We recently posted an article ‘ Building Designers or Architects – 5 Critical Tips to Hiring the Best Team’. This article raised a question which, we as a business and myself personally, have been posed regularly for some time now. In this article, we address the common issues or questions that arise when selecting a professional to assist with a new home, renovation or boutique development - irrespective of building designer, architect, building design firms or architecture firms.
Many people are not clear on why there are two different titles for a role or services which for all intents and purposes are the same. The issue of the title 'architect' has been discussed ad nauseam, however there continues to be much confusion out in the public.
“Do I need an architect?”
“What do architectural services include?”

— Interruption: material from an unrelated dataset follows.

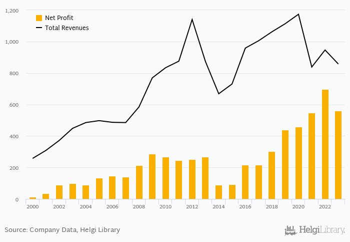 Historically, the bank’s net profit reached an all time high of CZK 698 mil in 2022 and an all time low of CZK 13.1 mil in 2000. The average profit in the last five years amounted to CZK 540 mil.

"What do building design services include?"
“What is a building designer?”
“Is there a difference between an architect and a building designer?”
“What is the difference between architecturally designed homes and non-architecturally designed homes?”
…..and so on.
I am a successful business owner who has been a registered Building Designer for 20+ years and have worked alongside and employed other building designers and architect professionals alike. It is my choice to be a Building Designer and not an architect.
I had always dreamed of designing and building boutique homes and apartment buildings. Right from a very young age, I had an extremely inquisitive mind and always wanted to know how things were put together. After completing high school, I did not have the opportunity to attend university full time for 5-6 years. Instead, I obtained a Diploma in Architectural Design & Building'. I guess I am fortunate to have a strong work ethic and incredible personal drive to be a success. I started out in my own practice, doing small renovations and factory layouts. After many years of continued study both professionally and personally, exploration various building types and sites, working with other industry professionals and so on, I have now built a prosperous design practice.
When writing this article and now my personal blog, I did not wish to imply that one profession is better than or more qualified/skilled than the other…nor to make it sound like I have been hard done by. My greatest intention is to address any confusion out there.
Also, to be clear, I am not against architects/architectural practises and pro building designers/building design firms. I believe that essentially it all comes down to appropriate industry experience and not merely the intial formal education. The best and brightest minds are often those who have the highest level of observation.
It is true in fact, that Frank Lyod Wright (often referred to as America’s most renowned 'architect') was neither a registered architect nor an engineer. I find Wright's quote "Harvard takes perfectly good plums as students, and turns them into prunes" very apt!
It is evident through my many years in the building industry that just because you have spent many years at a formal educational institution, it does not mean you are sufficiently equipped to do the job. Don’t get me wrong, I am all for education and bettering ones self. The point I make is that the title you obtain from an academic institution should not in isolation define you nor your work. Just because you have a driver's licence, doesn't mean you can drive!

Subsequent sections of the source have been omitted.